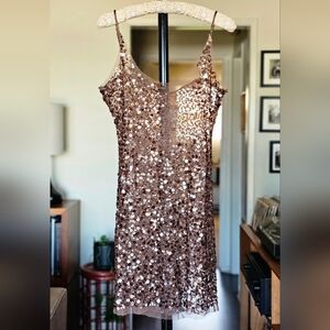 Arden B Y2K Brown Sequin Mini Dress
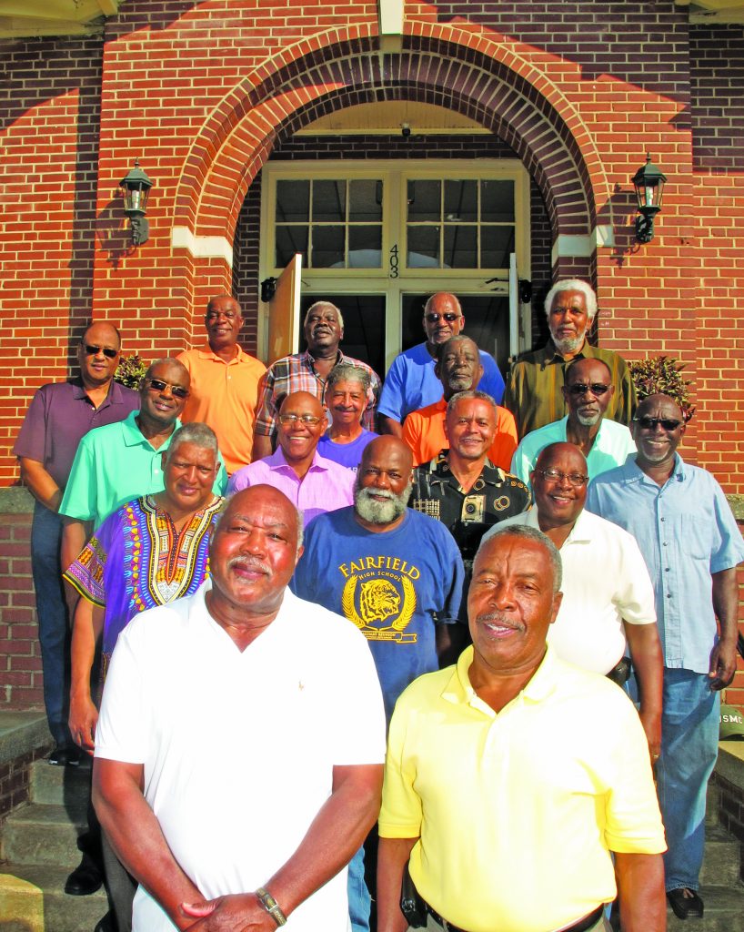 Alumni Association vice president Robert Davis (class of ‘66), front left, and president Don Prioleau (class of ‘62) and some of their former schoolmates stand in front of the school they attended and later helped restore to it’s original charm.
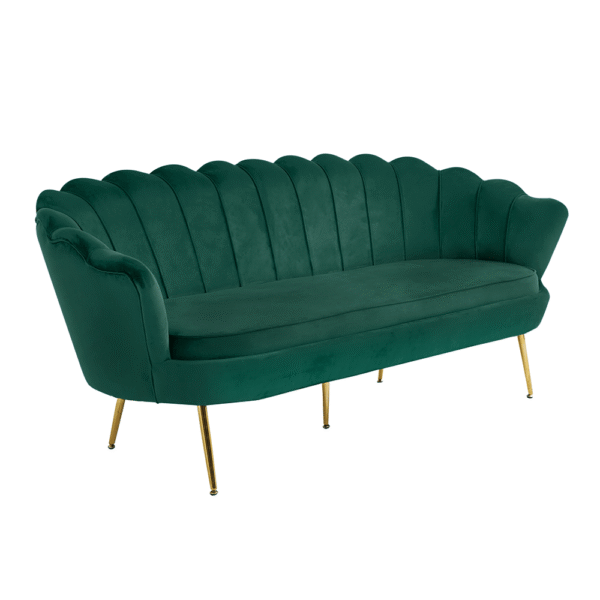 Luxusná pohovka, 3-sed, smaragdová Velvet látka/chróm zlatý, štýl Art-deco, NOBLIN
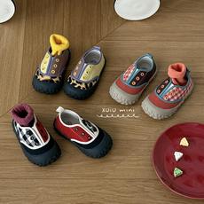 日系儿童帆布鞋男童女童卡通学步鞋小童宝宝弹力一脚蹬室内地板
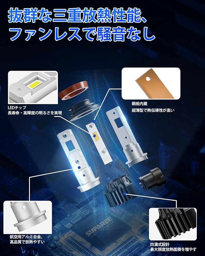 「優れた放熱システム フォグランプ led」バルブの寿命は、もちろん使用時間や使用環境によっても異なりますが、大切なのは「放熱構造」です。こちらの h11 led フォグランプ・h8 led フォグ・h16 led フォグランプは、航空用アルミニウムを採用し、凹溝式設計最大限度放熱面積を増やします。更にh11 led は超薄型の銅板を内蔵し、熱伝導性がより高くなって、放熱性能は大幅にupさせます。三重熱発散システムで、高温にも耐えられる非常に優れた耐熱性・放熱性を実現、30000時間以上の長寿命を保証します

────────────────────

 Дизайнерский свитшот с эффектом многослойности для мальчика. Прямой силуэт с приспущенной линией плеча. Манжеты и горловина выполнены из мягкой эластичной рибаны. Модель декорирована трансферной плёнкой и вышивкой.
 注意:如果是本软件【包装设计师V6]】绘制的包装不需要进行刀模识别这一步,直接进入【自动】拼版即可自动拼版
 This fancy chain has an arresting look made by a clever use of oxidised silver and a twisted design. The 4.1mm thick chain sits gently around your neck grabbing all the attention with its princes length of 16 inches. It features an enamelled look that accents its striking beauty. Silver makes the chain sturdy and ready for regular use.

────────────────────

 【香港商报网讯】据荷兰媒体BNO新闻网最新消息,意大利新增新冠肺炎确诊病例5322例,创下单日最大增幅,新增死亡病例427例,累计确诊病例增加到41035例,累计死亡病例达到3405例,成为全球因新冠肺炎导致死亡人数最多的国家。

────────────────────

In the data above, find the line with "Luxusná pohovka, 3-sed, smaragdová" and the line with "日系儿童帆布鞋男童女童卡通学步鞋小童宝宝弹力一脚蹬室内地板". Please copy exactly those two lines and every line between them, but not the pictures.

Answer to this problem:
 Luxusná pohovka, 3-sed, smaragdová Velvet látka/chróm zlatý, štýl Art-deco, NOBLIN
 日系儿童帆布鞋男童女童卡通学步鞋小童宝宝弹力一脚蹬室内地板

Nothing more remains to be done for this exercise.